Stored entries
=== Begin Enclosure ===

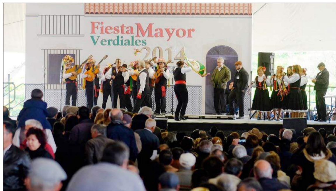
Una de las pandas actuando durante el concurso.

Hay que recordar que a principios de este año el Ayuntamiento de Málaga aprobó una moción institucional para solicitar a la UNESCO la declara-
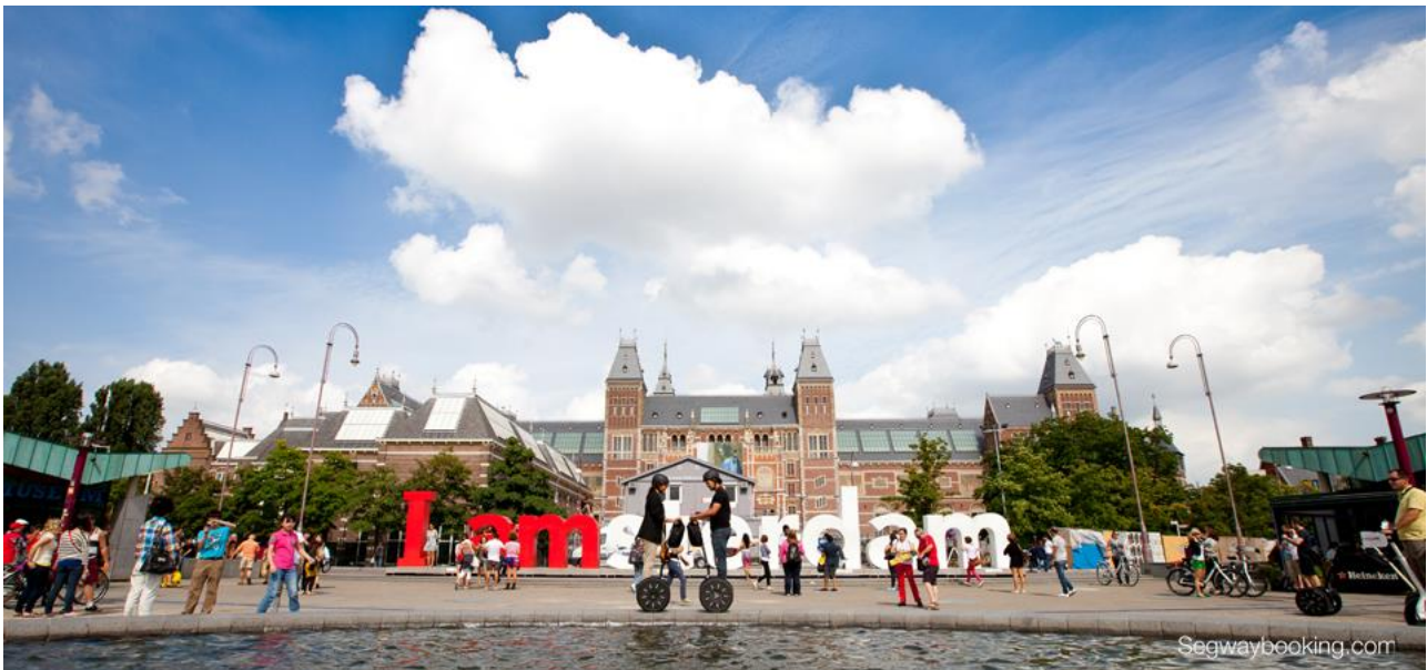
シティガイドツアー アムステルダム

国内においては、つくば市及びロボット特区実証実験協議会が、構造改革特別区域法に基づくモビリティロボット実証特区の認定を受け、2011年6月からつくばセンター駅周辺歩道での実験を進めており、既にまち巡りツアーに高い効果があることが実証されています。
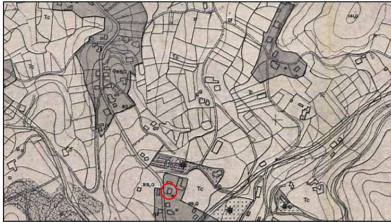
Clasificación del suelo según planeamiento del Ayto. de Pontevedra
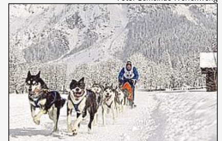
Schlittenhunde vor Traumkulisse
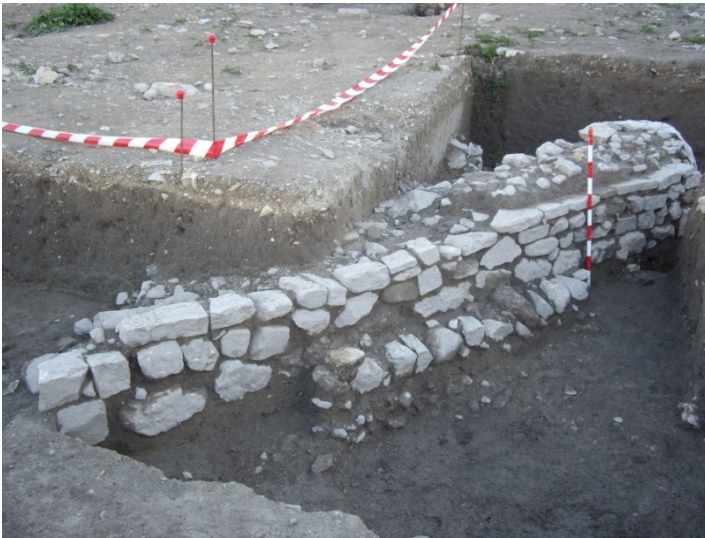
Lámina 4: detalle del muro de época romana reutilizado en época emiral.
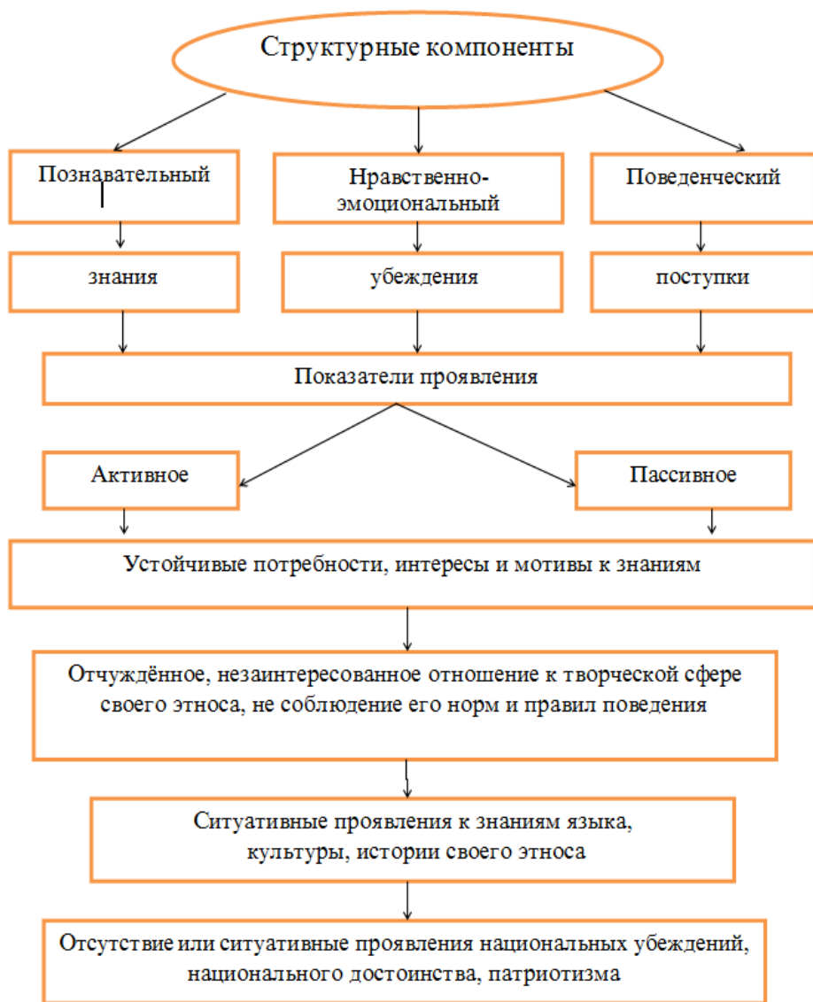
Рисунок 1. Структура национального самосознания личности
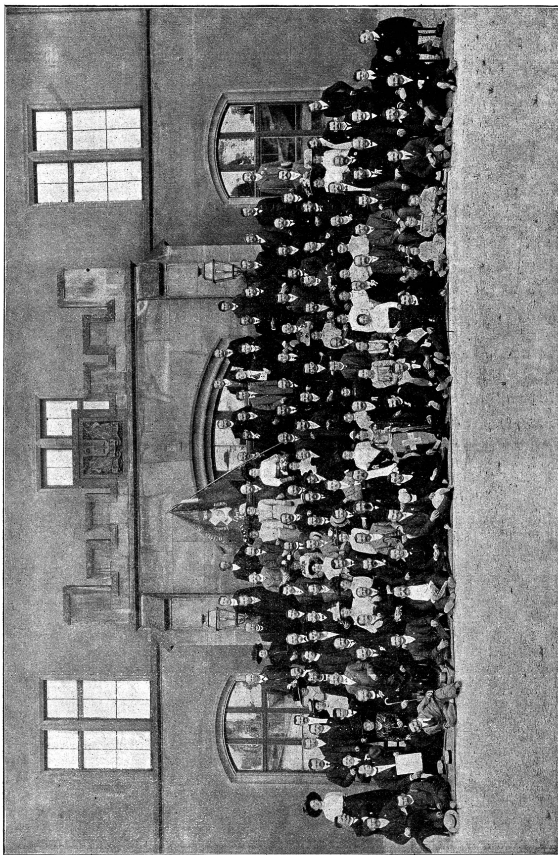
Die Teilnehmer am 10jährigen Stiftungsfest des Bacher Bauhüttenvereins.

=== End Enclosure ===

▶ [TO DO] Take the lines from the first line of the entries through the line with "Clasificación del suelo", inclusive, and give them again exactly, minus any pictures.

▶ [EXERCISE RESULT]
Una de las pandas actuando durante el concurso.

Hay que recordar que a principios de este año el Ayuntamiento de Málaga aprobó una moción institucional para solicitar a la UNESCO la declara-
シティガイドツアー アムステルダム

国内においては、つくば市及びロボット特区実証実験協議会が、構造改革特別区域法に基づくモビリティロボット実証特区の認定を受け、2011年6月からつくばセンター駅周辺歩道での実験を進めており、既にまち巡りツアーに高い効果があることが実証されています。
Clasificación del suelo según planeamiento del Ayto. de Pontevedra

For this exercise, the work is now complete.